=== Provided records ===

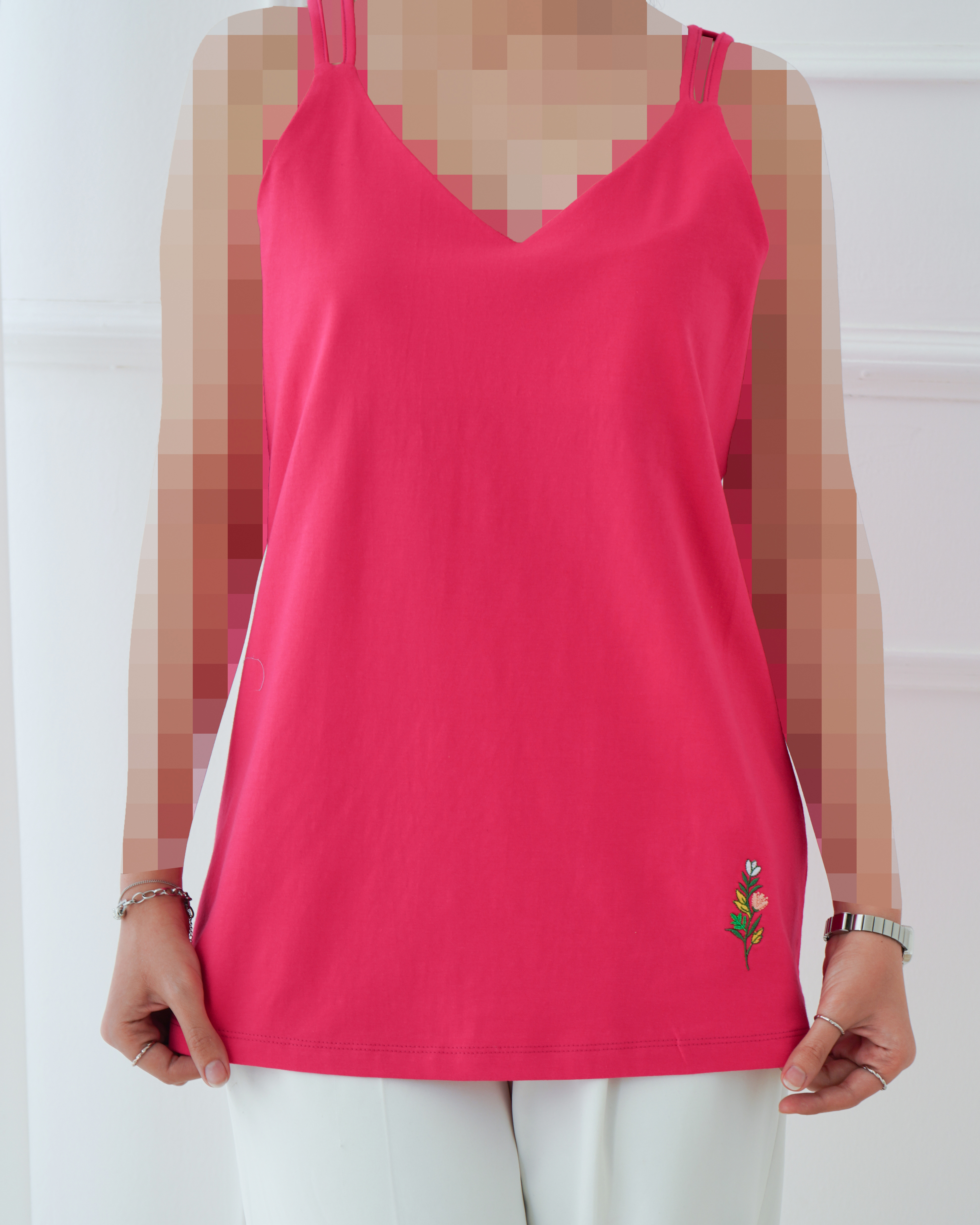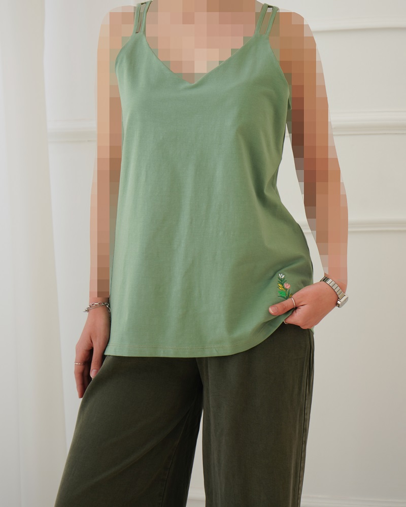 - توضیحات محصول: جنس تاپ نخ و پنبه است. تاپ یقه هفت و آستین حلقه ای می باشد. طرح روی تاپ، گلدوزی شده است.
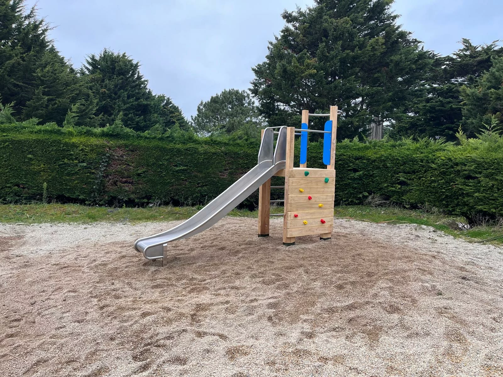 Le remplacement d’un ancien toboggan par une structure de jeux en robinier intégrant :
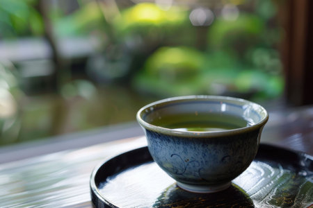 A tranquil cup of green tea on a wooden table with a serene garden backdrop, showcasing nature s beauty and relaxation
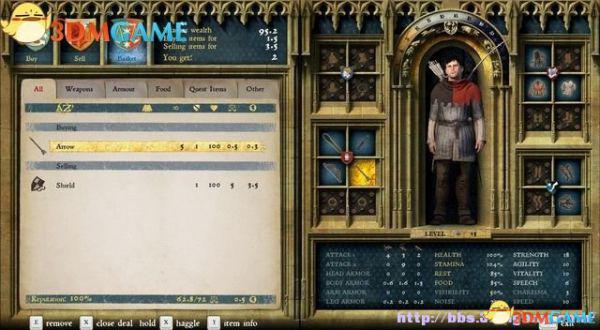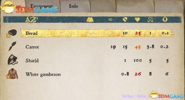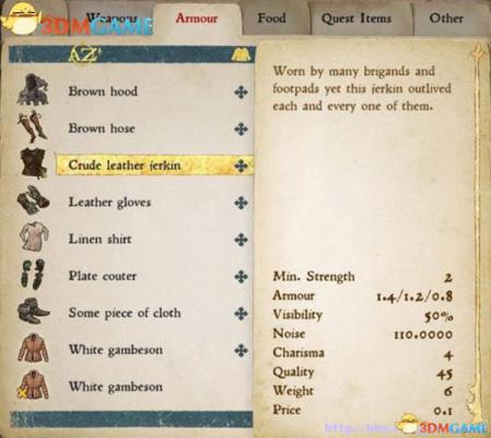 可以装备的物品都有使用条件、护甲值、攻击力、噪音、魅力、品质、重量、价格等属性数值。
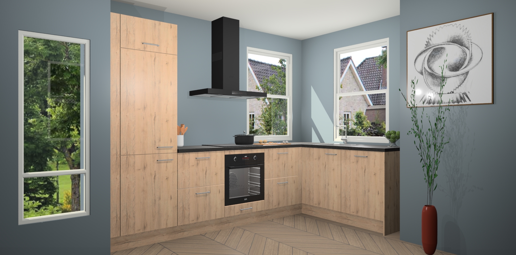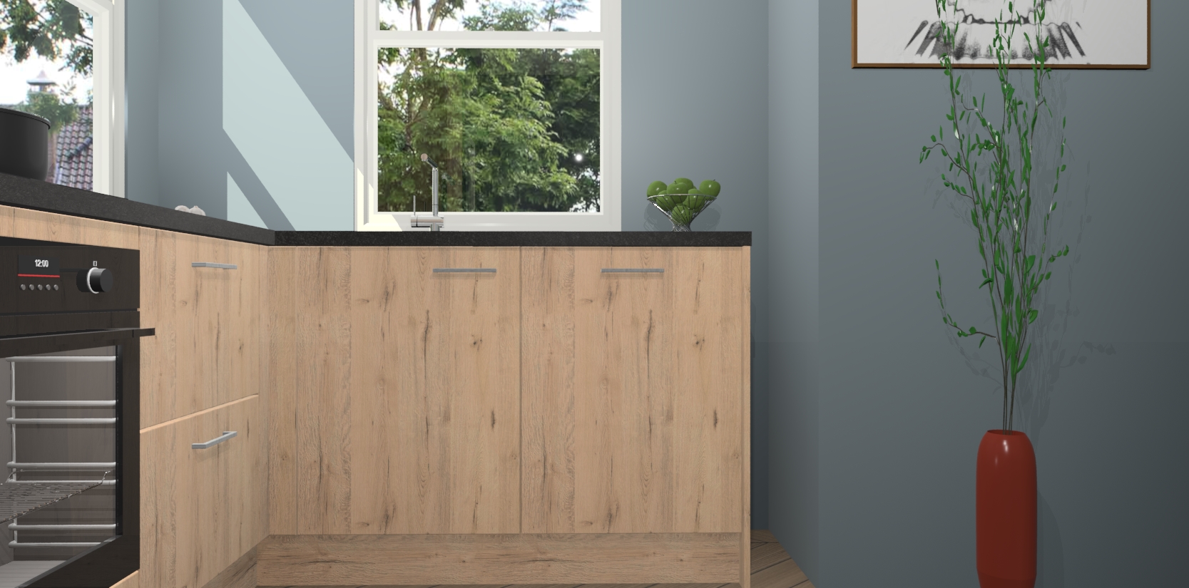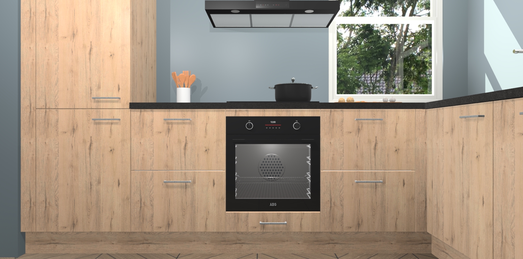 Wat maakt deze keuken zo bijzonder? Ten eerste geeft het houten werkblad uw ruimte een onmiskenbaar klassieke uitstraling. De natuurlijke afwerking roept warmte en elegantie op die nooit uit de mode zullen raken. Bovendien is het gemakkelijk schoon te houden en te onderhouden, zodat je er jarenlang plezier van kunt hebben. Als u op zoek bent naar extra gemak in uw keuken, dan heeft u bij het plaatsen van een bestelling bij ons ook de optie om uw toestellen te upgraden naar AEG-modellen - zo haalt u moderne innovatie van topmerken in apparatentechnologie rechtstreeks in huis.
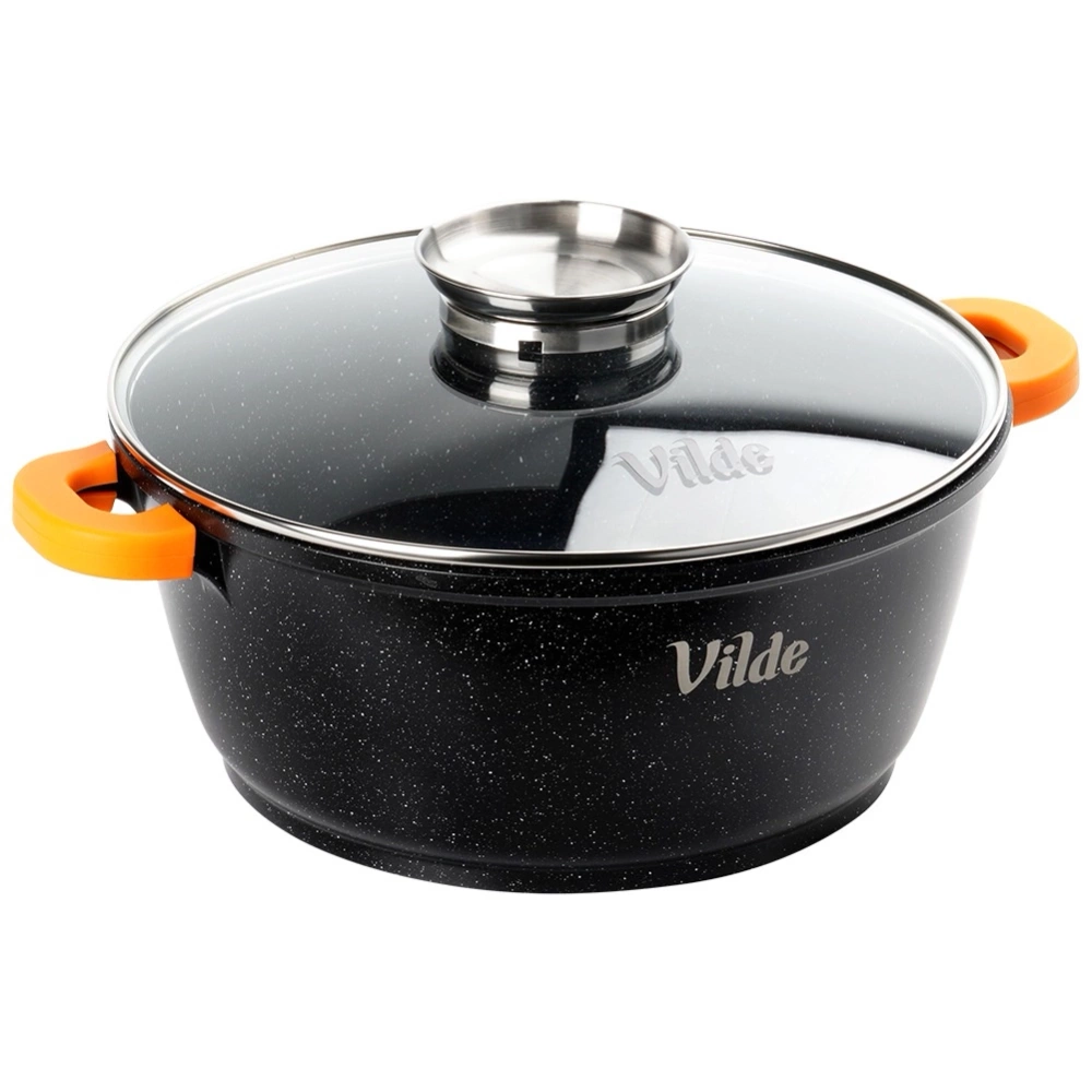 Duży garnek z pokrywką z dozownikiem oraz silikonowymi uchwytami, idealny do gotowania, pieczenia, duszenia i smażenia potraw. Przygotowane w nim dania są soczyste i aromatyczne. Garnek jest trwały, funkcjonalny i idealny do bezpośredniego serwowania dań na stole. Oryginalny produkt marki Vilde z linii Terruna Aroma. Wyprodukowano zgodnie z europejskimi standardami.
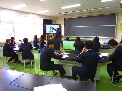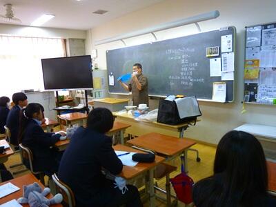 3年生の家庭科で研究授業が開催され、本校 藤田教諭の授業を、他校の先生方が見学に来られました。
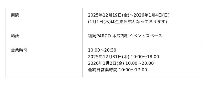 期間:2025年12月19日(金)~2026年1月4日(日)
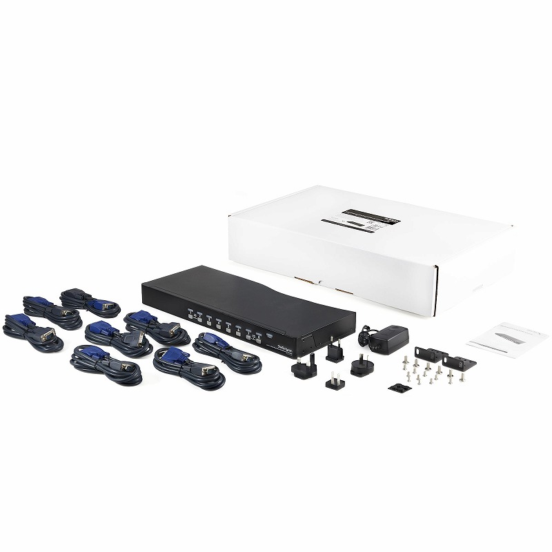 8台のサーバ/PCに接続するためのケーブルとアクセサリをすべて同梱しており、セットアップが簡単ですぐに導入できる便利なKVMスイッチキットです。
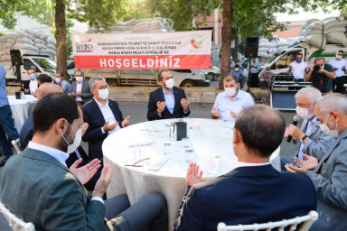 Biz de bu çaba ve gayretlere karşılık marka değerini her zaman yükselterek geliştirmemiz gerekiyor. Ben yıllardan beri söylediğim bir slogan var ve bunu Maraş Kırmızıbiberine yazalım diyorum: Gelin hayatın acılarını birlikte paylaşalım.
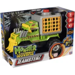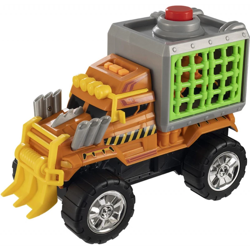 This action-packed Teamsterz Monster Moverz Dino Escape vehicle accelerates into action at the press of a button! This truck is hauling cargo but beware – the cargo is trying to break free! Press the big red button to see the dinosaur pop out and light up. Listen to the engine as it roars to life, then watch as it motors forward with the cage rattling! Press the other buttons to activate lights and dinosaur sounds. The perfect gift for any enthusiastic little driver, offering hours of imaginative fun! Aiding the development of your little ones social skills and fine motor skills as this vehicle is the perfect size for push along play. Suitable for ages 3+.
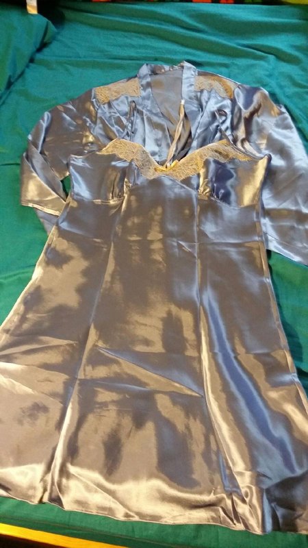 As i type this, i'm in a bit of shock...! Having lost some T-shirts in the house, i decided to have a good look round in the wardrobes to try and find them... imagine my shock, excitement and amazement as i open a box in the bottom of my wife's wardrobe to find it full of satin...! Robes... slips... pajarmas amongst other items... now... i'm a newcomer when it comes to satin so she must have worn them when we first met... back then i didn't "appreciate" satin... i even didn't think twice about the 2 satin wedding dresses she had hand made in The Philippines... Here are a few pictures of what i found....! I've never told my good wife about my fetish for satin.... i think we may have to have words now....! Utterly shocked (in a good way!) Mark
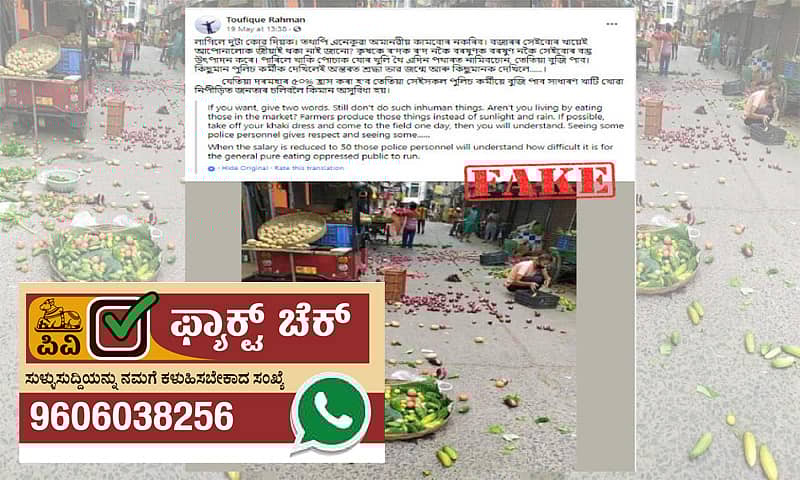 ಅಸ್ಸಾಂನಲ್ಲಿ ಕಠಿಣ ಲಾಕ್ಡೌನ್ ಹೇರುವ ಭರದಲ್ಲಿ ಪೊಲೀಸರು ತರಕಾರಿ ವ್ಯಾಪಾರಿಗಳ ಮೇಲೆ ಹಿಂಸೆ ಎಸಗಿದ್ದಾರೆ ಎಂಬುದನ್ನು ಬಿಂಬಿಸುವ ಚಿತ್ರ ವೈರಲ್ ಆಗಿದೆ. ಪೊಲೀಸರ ಈ ವರ್ತನೆಗೆ ಸಾಮಾಜಿಕ ಜಾಲತಾಣಗಳಲ್ಲಿ ಭಾರಿ ಖಂಡನೆ ವ್ಯಕ್ತವಾಗಿದೆ. ‘ಪೊಲೀಸರಿಗೆ ರೈತರು ಬೆಳೆದ ಬೆಳೆಗಳ ಬೆಲೆ ತಿಳಿದಿಲ್ಲ. ಅವರು ಖಾಕಿ ಕಳಚಿಟ್ಟು ರೈತರ ರೀತಿ ಹೊಲಕ್ಕೆ ಇಳಿದು ದುಡಿದರೆ ಗೊತ್ತಾಗುತ್ತದೆ’ ಎಂದು ಟ್ವಿಟರ್ ಬಳಕೆದಾರರೊಬ್ಬರು ಬರೆದಿದ್ದಾರೆ.

===

Work required: Extract the lines exactly, please: the first line of the listing, the line with "可以装备的物品都有使用条件、", and every line between them, but no pictures.

Solution below:
 - توضیحات محصول: جنس تاپ نخ و پنبه است. تاپ یقه هفت و آستین حلقه ای می باشد. طرح روی تاپ، گلدوزی شده است.
 Le remplacement d’un ancien toboggan par une structure de jeux en robinier intégrant :
 A tranquil cup of green tea on a wooden table with a serene garden backdrop, showcasing nature s beauty and relaxation
 可以装备的物品都有使用条件、护甲值、攻击力、噪音、魅力、品质、重量、价格等属性数值。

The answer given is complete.